В юности я не боялся моря и любил побережье. Расслабляясь здесь, на этой узкой ничейной полосе, вклинившейся между водой и небом, я каждый миг уходящего вместе с солнцем дня чувствовал великое очарование жизни. Какая-нибудь девица в дешевых черных очках и обтягивающем купальнике казалась ослепительной наядой. Куча рыхлого песка у самой воды служила трамплином, и, разбегаясь, я демонстрировал здесь недостижимую в моем неуклюжем мальчишеском мире грацию. Наконец, само море, стремящееся достичь далекого низкого горизонта, словно символ бесконечных возможностей, — нет, тогда я не боялся его. Мальчиком неплохо плавал, правда, собственным неуклюжим способом, взметая фонтаны брызг и отчаянно колотя по воде. Особенно мне нравилось нырять, нравился момент инстинктивного почти-ужаса в момент погружения, нравилось наблюдать неясное зеленоватое свечение, чувствовать, как обволакивает тишина, отдаваться подводным течениям. Моего отца тоже привлекало все, связанное с морем. Он не умел плавать, никогда не выходил в океан, но его тянуло на побережье.
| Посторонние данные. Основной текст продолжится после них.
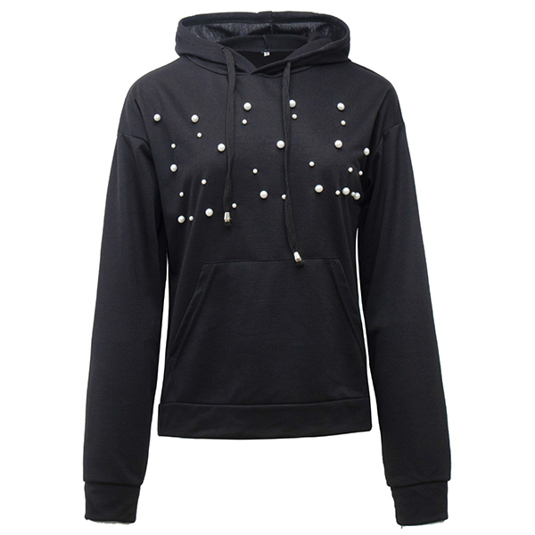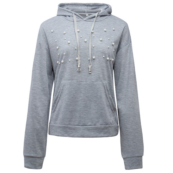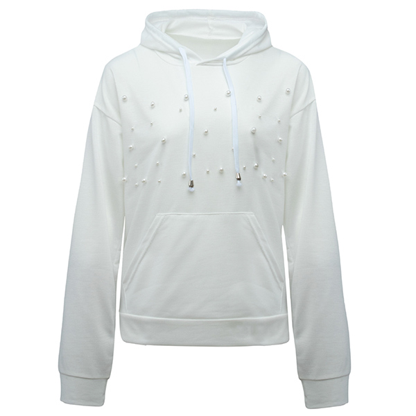 Fashion Solid Color Long Sleeve Hooded Beaded Sweatshirt

Закатывал брюки, как и другие отцы, шлепал по мелководью, но держась в стороне от остальных, предпочитая оставаться с самим собой. Эту сцену память сохранила яркой и красочной, как открытка: вот он, в безрукавке, обвязав голову платком, неторопливо бредет по линии прибоя, а на пляже, на расстеленном полотенце, сидит мать, вытянув голые ноги, при виде которых я чувствую неловкость, и с увлечением читает дешевый роман. Позже, когда солнце теряло свою яркость, опускались сумерки, мы собирали вещи и отправлялись к станции. Отец хранил молчание, и даже мать не осмеливалась нарушить его. Казалось, он побывал в неведомых краях и видел нечто невероятное.